Data entries
#####

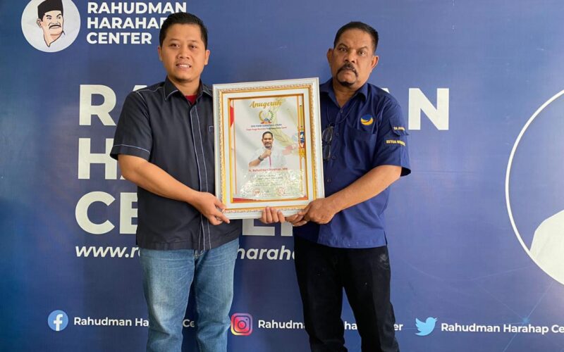 Sekretaris DPD PWRI Sumut, Serahkan Penganugerahan Tokoh Politik Inspiratif Sumut Kepada H. Rahudman Harahap
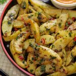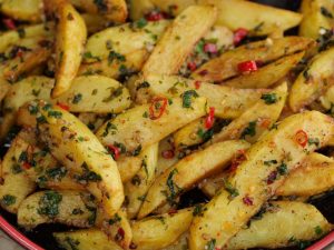 -Peel potatoes & cut in wedges,sprinkle pink salt & mix well.
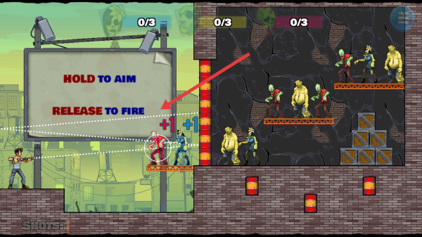 2、戰(zhàn)斗時(shí),長(zhǎng)按屏幕瞄準(zhǔn)HOLD TO AIM,松開RELEASE TO FIRE射擊,優(yōu)先攻擊聚集或高威脅僵尸,注意補(bǔ)充彈藥道具。
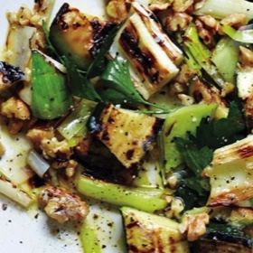 Grill vegetables, turning often, until tender and charred in spots, 5–8 minutes for leeks, 8–10 minutes for zucchini.
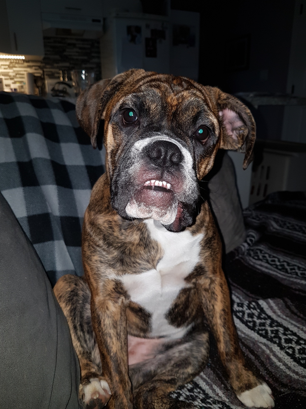 This is my baby Lilly, she is a nine month old Valley Bulldog and so cute and funny. She loves to play with my boxer and my cat Wilbur.
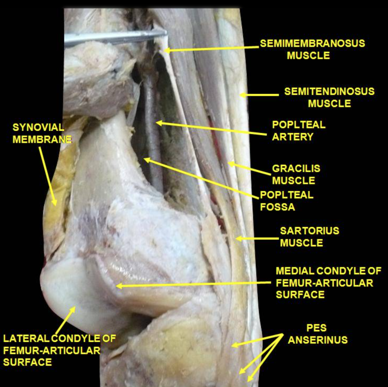 Where does the long head of biceps femurs, semimembranosus and semitendenosis (hamstrings) insert
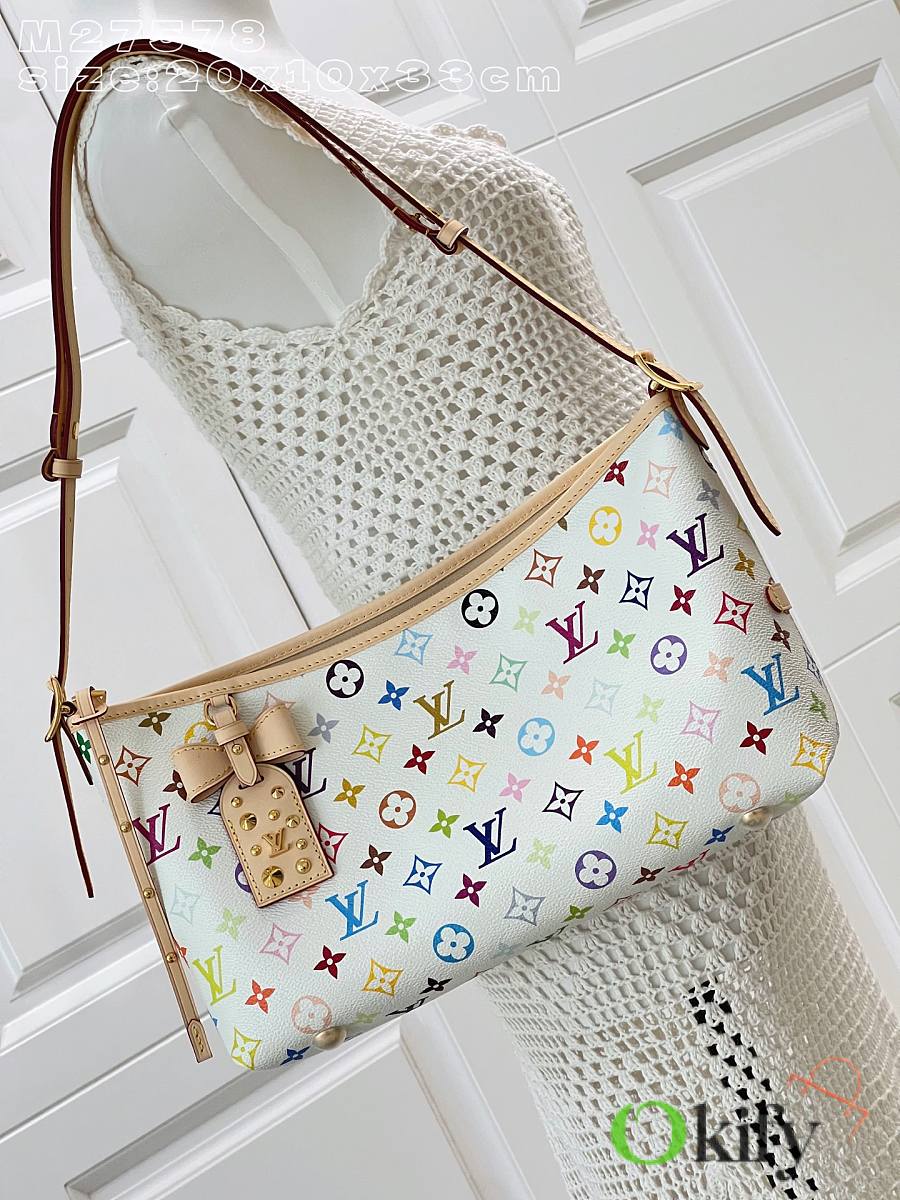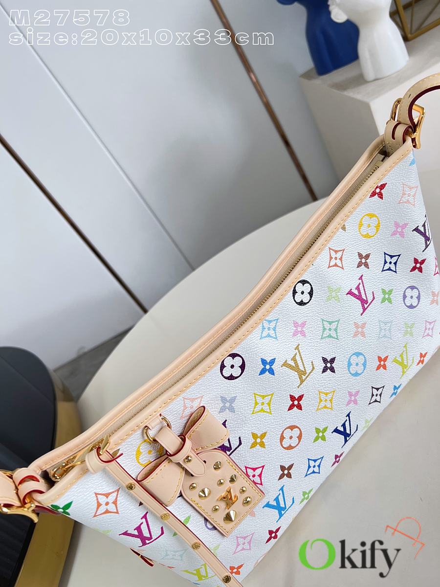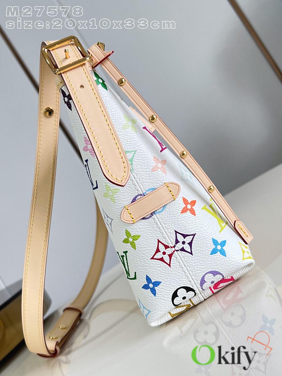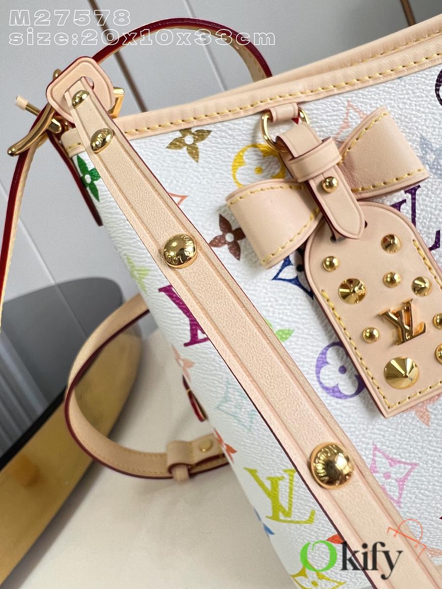 This LV x TM Carryall East West handbag is from the Louis Vuitton x Takashi Murakami reissue collection. It cleverly incorporates the bright colors of the Japanese artist into Monogram coated canvas. Calfskin trim outlines a fitted silhouette, while the nameplate embellishes with an elegant bow detail.
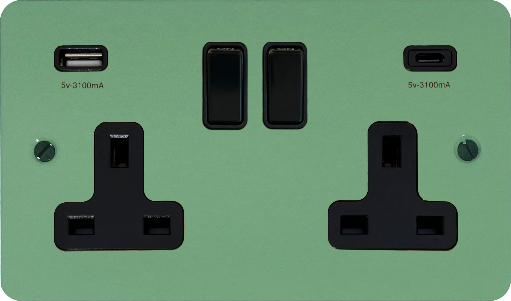 Flat Sage Green Double Socket with USB (2 Gang/USB-A and USB-C/Black Switch) - G+H FSG911B
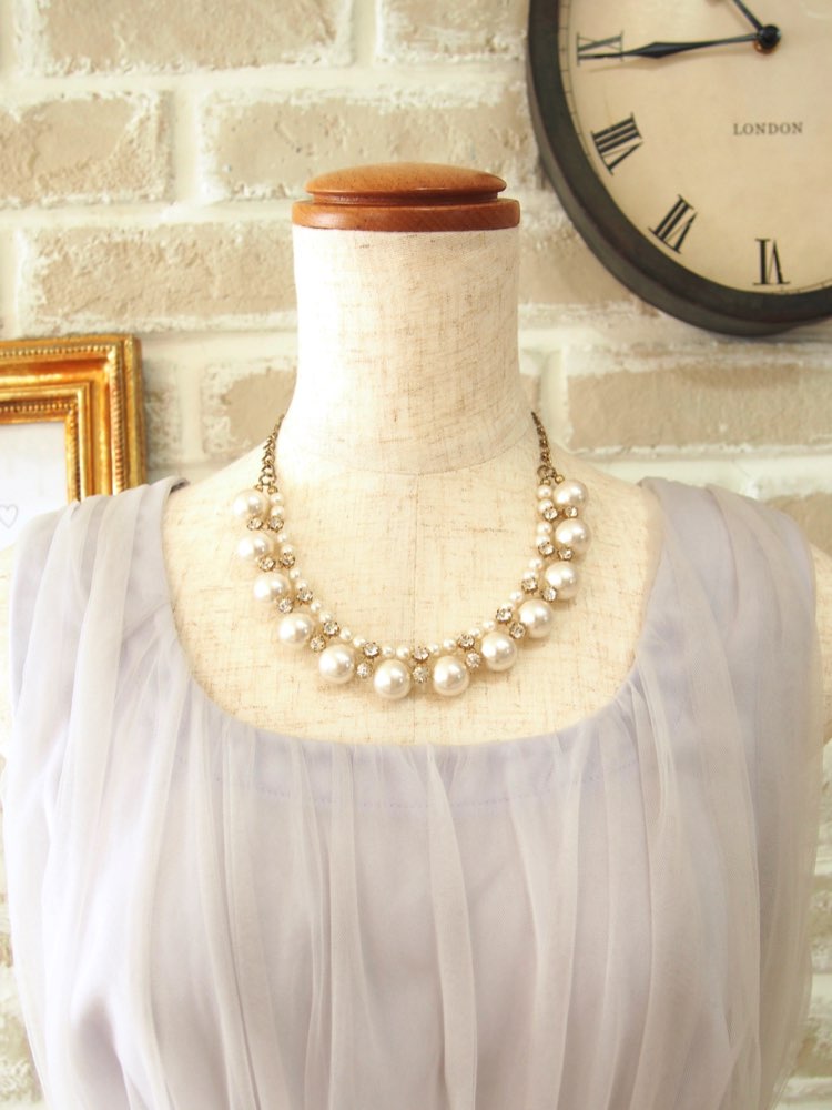連なるパールと間のストーンが優しく光を放ち、上品な女性を演出してくれるネックレス。大小様々なパールを、レースのように編み込んだデザインが華やかな印象に仕上げてくれます。パーティーからフォーマルシーンまで大活躍してくネックレスは、どんなドレスにもよく合い、程よい華やかさ・程よいボリューム感でちょうど良いと当店でも人気のアイテムです。単品使いはもちろん、ビジュー系・パール系のアクセサリーとセット使いすることで、より華やかなオシャレをお楽しみいただけます。パールのアクセサリーはレフ板効果もあり、顔色も明るく見せてくれるのも嬉しいポイントですね。

#####

About this task:
Copy every entry exactly; drop the pictures.

Exercise answer:
 Sekretaris DPD PWRI Sumut, Serahkan Penganugerahan Tokoh Politik Inspiratif Sumut Kepada H. Rahudman Harahap
 -Peel potatoes & cut in wedges,sprinkle pink salt & mix well.
 2、戰(zhàn)斗時(shí),長(zhǎng)按屏幕瞄準(zhǔn)HOLD TO AIM,松開RELEASE TO FIRE射擊,優(yōu)先攻擊聚集或高威脅僵尸,注意補(bǔ)充彈藥道具。
 Grill vegetables, turning often, until tender and charred in spots, 5–8 minutes for leeks, 8–10 minutes for zucchini.
 This is my baby Lilly, she is a nine month old Valley Bulldog and so cute and funny. She loves to play with my boxer and my cat Wilbur.
 Where does the long head of biceps femurs, semimembranosus and semitendenosis (hamstrings) insert
 This LV x TM Carryall East West handbag is from the Louis Vuitton x Takashi Murakami reissue collection. It cleverly incorporates the bright colors of the Japanese artist into Monogram coated canvas. Calfskin trim outlines a fitted silhouette, while the nameplate embellishes with an elegant bow detail.
 Flat Sage Green Double Socket with USB (2 Gang/USB-A and USB-C/Black Switch) - G+H FSG911B
連なるパールと間のストーンが優しく光を放ち、上品な女性を演出してくれるネックレス。大小様々なパールを、レースのように編み込んだデザインが華やかな印象に仕上げてくれます。パーティーからフォーマルシーンまで大活躍してくネックレスは、どんなドレスにもよく合い、程よい華やかさ・程よいボリューム感でちょうど良いと当店でも人気のアイテムです。単品使いはもちろん、ビジュー系・パール系のアクセサリーとセット使いすることで、より華やかなオシャレをお楽しみいただけます。パールのアクセサリーはレフ板効果もあり、顔色も明るく見せてくれるのも嬉しいポイントですね。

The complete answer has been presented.